── Information shown ──
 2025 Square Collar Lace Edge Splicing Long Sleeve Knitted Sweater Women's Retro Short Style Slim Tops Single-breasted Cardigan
───
── Information shown ──
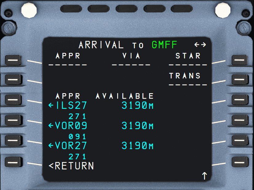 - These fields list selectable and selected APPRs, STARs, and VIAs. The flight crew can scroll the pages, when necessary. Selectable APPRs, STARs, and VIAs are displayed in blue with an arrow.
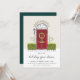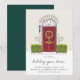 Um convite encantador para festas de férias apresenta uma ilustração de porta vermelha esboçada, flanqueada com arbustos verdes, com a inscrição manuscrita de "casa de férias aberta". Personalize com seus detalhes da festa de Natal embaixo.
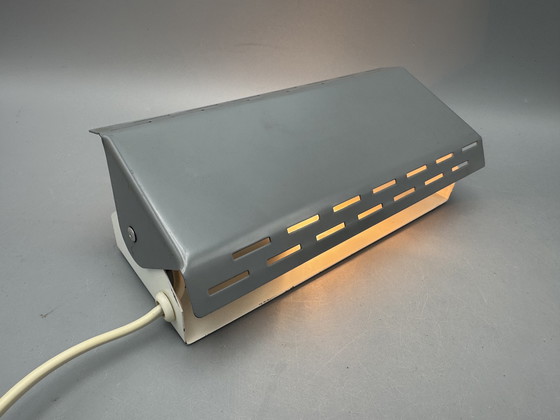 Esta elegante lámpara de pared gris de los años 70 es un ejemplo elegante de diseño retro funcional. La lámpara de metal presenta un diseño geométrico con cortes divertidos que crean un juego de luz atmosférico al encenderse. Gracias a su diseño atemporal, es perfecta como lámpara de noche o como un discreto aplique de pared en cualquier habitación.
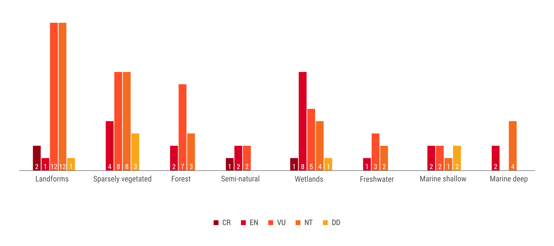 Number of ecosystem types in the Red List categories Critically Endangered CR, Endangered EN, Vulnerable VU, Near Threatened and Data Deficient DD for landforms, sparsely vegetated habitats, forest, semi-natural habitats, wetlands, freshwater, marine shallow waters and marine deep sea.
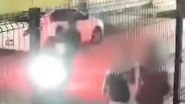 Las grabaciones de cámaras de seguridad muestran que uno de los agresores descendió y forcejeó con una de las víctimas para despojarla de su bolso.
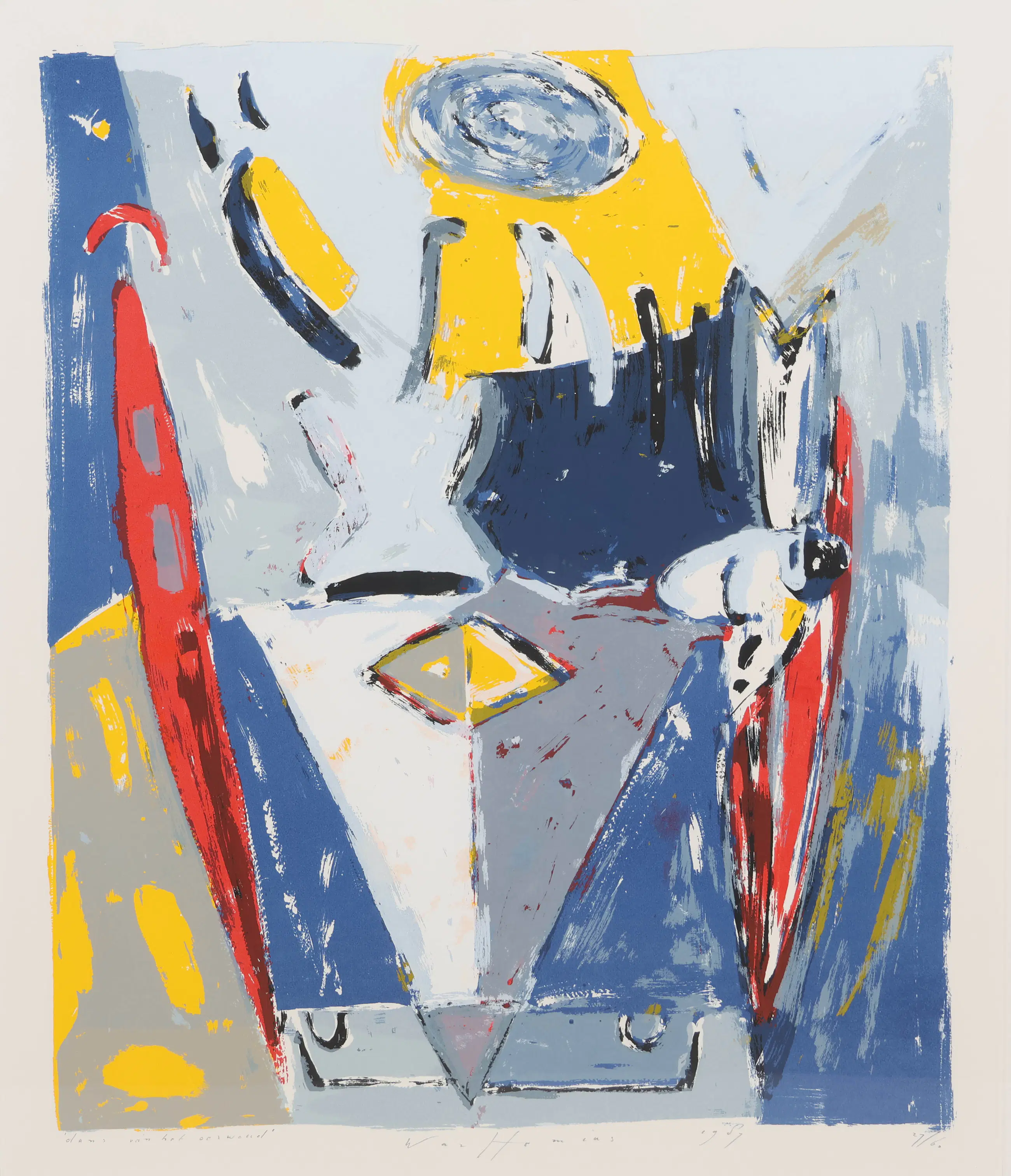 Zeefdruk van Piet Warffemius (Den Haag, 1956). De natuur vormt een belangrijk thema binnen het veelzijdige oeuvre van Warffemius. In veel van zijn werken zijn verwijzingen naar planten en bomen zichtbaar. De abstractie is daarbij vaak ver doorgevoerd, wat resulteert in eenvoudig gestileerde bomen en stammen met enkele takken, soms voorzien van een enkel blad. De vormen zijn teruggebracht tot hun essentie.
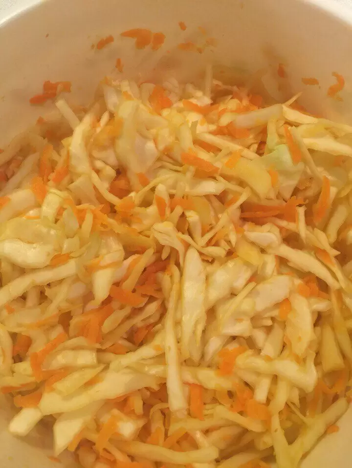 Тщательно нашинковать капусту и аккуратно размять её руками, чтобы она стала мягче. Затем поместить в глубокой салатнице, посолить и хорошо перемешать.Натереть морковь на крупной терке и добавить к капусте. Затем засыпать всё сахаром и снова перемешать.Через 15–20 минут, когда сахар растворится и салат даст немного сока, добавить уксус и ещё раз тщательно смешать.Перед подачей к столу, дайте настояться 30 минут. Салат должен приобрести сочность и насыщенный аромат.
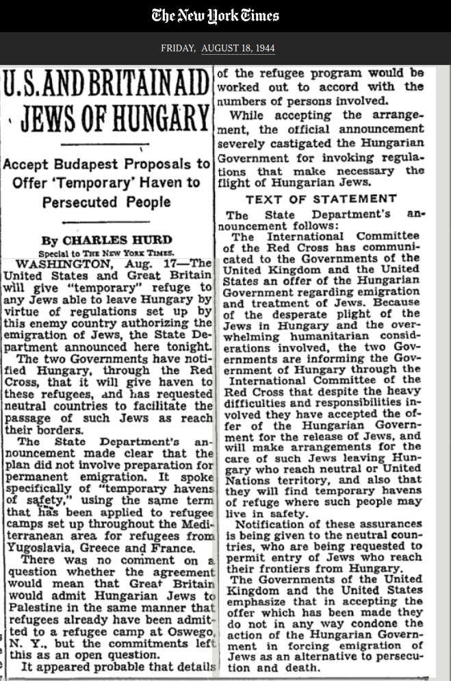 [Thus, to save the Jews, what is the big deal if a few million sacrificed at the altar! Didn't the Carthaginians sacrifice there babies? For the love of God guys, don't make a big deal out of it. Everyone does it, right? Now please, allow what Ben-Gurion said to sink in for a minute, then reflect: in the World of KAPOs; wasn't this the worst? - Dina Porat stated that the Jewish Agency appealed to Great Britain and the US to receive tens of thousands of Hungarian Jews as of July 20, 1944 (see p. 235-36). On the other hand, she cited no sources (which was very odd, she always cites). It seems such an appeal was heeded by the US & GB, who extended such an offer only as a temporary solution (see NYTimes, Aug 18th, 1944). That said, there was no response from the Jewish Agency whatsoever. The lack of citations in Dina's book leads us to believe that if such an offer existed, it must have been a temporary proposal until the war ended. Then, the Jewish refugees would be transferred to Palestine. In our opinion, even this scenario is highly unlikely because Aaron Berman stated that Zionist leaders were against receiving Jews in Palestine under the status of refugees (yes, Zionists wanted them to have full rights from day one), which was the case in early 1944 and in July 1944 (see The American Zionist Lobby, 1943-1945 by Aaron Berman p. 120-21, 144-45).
───
▶ [Work task]: Extract from the material above the stretch running from the line containing "- These fields" through the line containing "Las grabaciones de". Keep the text exact and the pictures out.

▶ [Solution to this task]:
 - These fields list selectable and selected APPRs, STARs, and VIAs. The flight crew can scroll the pages, when necessary. Selectable APPRs, STARs, and VIAs are displayed in blue with an arrow.
 Um convite encantador para festas de férias apresenta uma ilustração de porta vermelha esboçada, flanqueada com arbustos verdes, com a inscrição manuscrita de "casa de férias aberta". Personalize com seus detalhes da festa de Natal embaixo.
 Esta elegante lámpara de pared gris de los años 70 es un ejemplo elegante de diseño retro funcional. La lámpara de metal presenta un diseño geométrico con cortes divertidos que crean un juego de luz atmosférico al encenderse. Gracias a su diseño atemporal, es perfecta como lámpara de noche o como un discreto aplique de pared en cualquier habitación.
 Number of ecosystem types in the Red List categories Critically Endangered CR, Endangered EN, Vulnerable VU, Near Threatened and Data Deficient DD for landforms, sparsely vegetated habitats, forest, semi-natural habitats, wetlands, freshwater, marine shallow waters and marine deep sea.
 Las grabaciones de cámaras de seguridad muestran que uno de los agresores descendió y forcejeó con una de las víctimas para despojarla de su bolso.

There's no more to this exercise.